Leaving out the pictures, restate each record below word for word.

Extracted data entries

==================================================

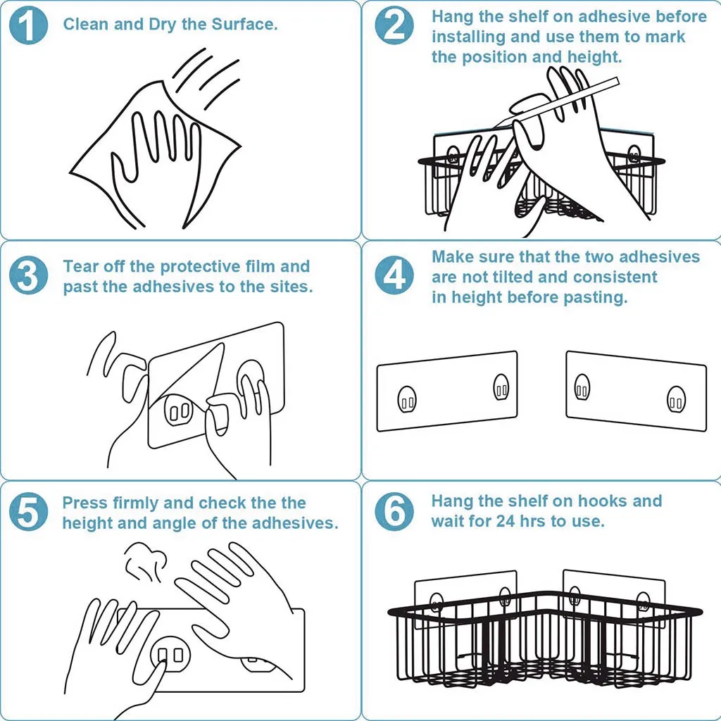 Липкость клея сильная, не беспокойтесь о перемещении корзины для ванны Легко. Не требует сверления, простая установка. Руководство по удалению: Используйте волосы Сушилка для нагрева наклейки, легко оторвать ее при достаточном нагреве.
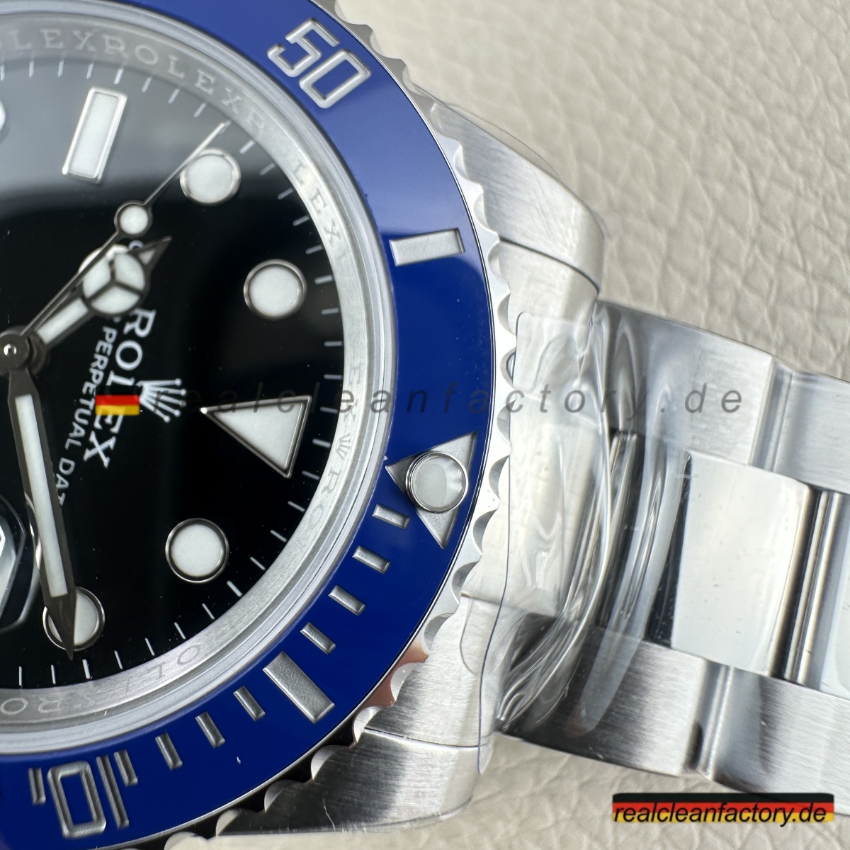4. Helles blaues Lume, das in Farbe und Leuchtdauer perfekt der originalen Rolex-Lumineszenz entspricht
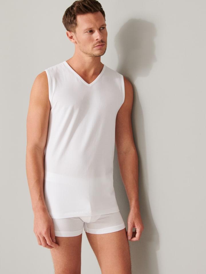 Эти мужские майки - непревзойденный дуэт в этой выгодной упаковке из четырех пар. Ультрамягкий материал обеспечивает исключительный комфорт и невероятно приятен на ощупь. Благодаря практичному глубокому V-образному вырезу майки легко надевать под рубашку. Короче говоря: практичная упаковка в традиционно высоком качестве SCHIESSER.
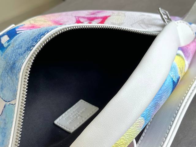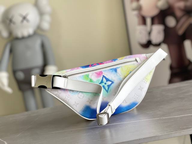 M45759Discovery 小号腰包本款 Discovery 小号腰包沉浸于 Monogram Watercolor Multico 帆布的粉彩意境。前后拉
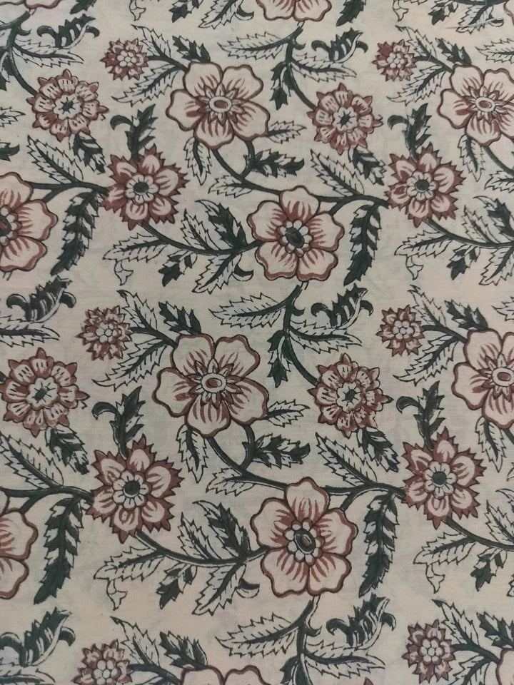 Hand-carved nature-inspired motifs unfold across this fabric in a rhythmic, repeating design. Each layer is block printed by hand using centuries-old techniques passed down through generations of artisans in India. The result is a textile rich in character—bringing softness, dimension, and a distinctly human touch to any space. Designed to layer with ease, it complements both relaxed and refined interiors.
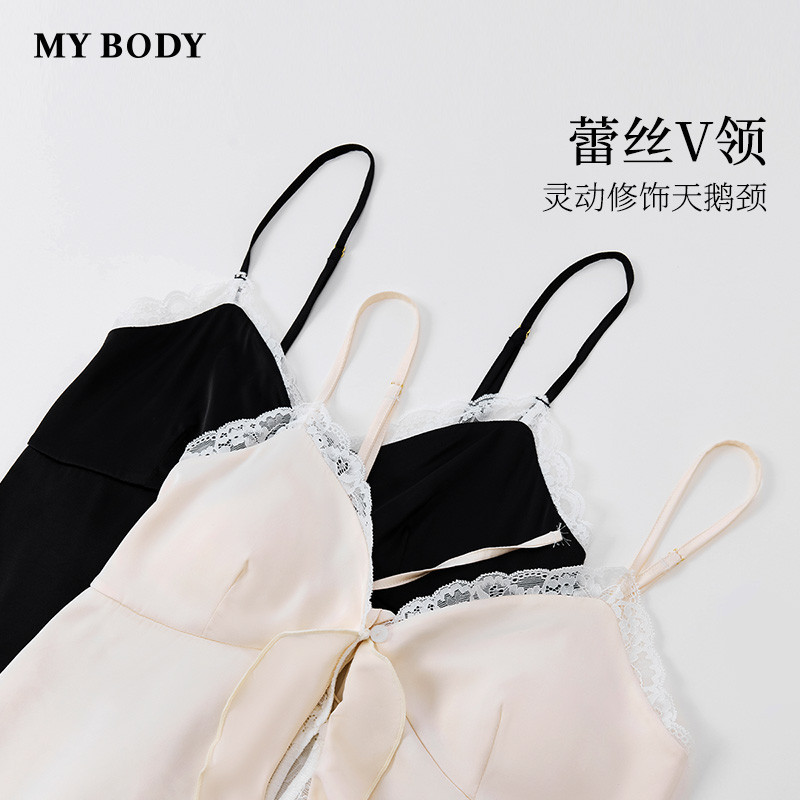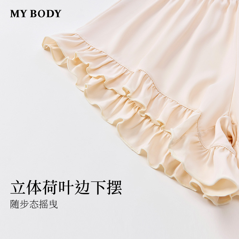 MYBODY商场同款新款睡衣甜美荷叶边性感吊带背心套装可外穿家居服

==================================================

Response to this exercise:
 Липкость клея сильная, не беспокойтесь о перемещении корзины для ванны Легко. Не требует сверления, простая установка. Руководство по удалению: Используйте волосы Сушилка для нагрева наклейки, легко оторвать ее при достаточном нагреве.
4. Helles blaues Lume, das in Farbe und Leuchtdauer perfekt der originalen Rolex-Lumineszenz entspricht
 Эти мужские майки - непревзойденный дуэт в этой выгодной упаковке из четырех пар. Ультрамягкий материал обеспечивает исключительный комфорт и невероятно приятен на ощупь. Благодаря практичному глубокому V-образному вырезу майки легко надевать под рубашку. Короче говоря: практичная упаковка в традиционно высоком качестве SCHIESSER.
 M45759Discovery 小号腰包本款 Discovery 小号腰包沉浸于 Monogram Watercolor Multico 帆布的粉彩意境。前后拉
 Hand-carved nature-inspired motifs unfold across this fabric in a rhythmic, repeating design. Each layer is block printed by hand using centuries-old techniques passed down through generations of artisans in India. The result is a textile rich in character—bringing softness, dimension, and a distinctly human touch to any space. Designed to layer with ease, it complements both relaxed and refined interiors.
 MYBODY商场同款新款睡衣甜美荷叶边性感吊带背心套装可外穿家居服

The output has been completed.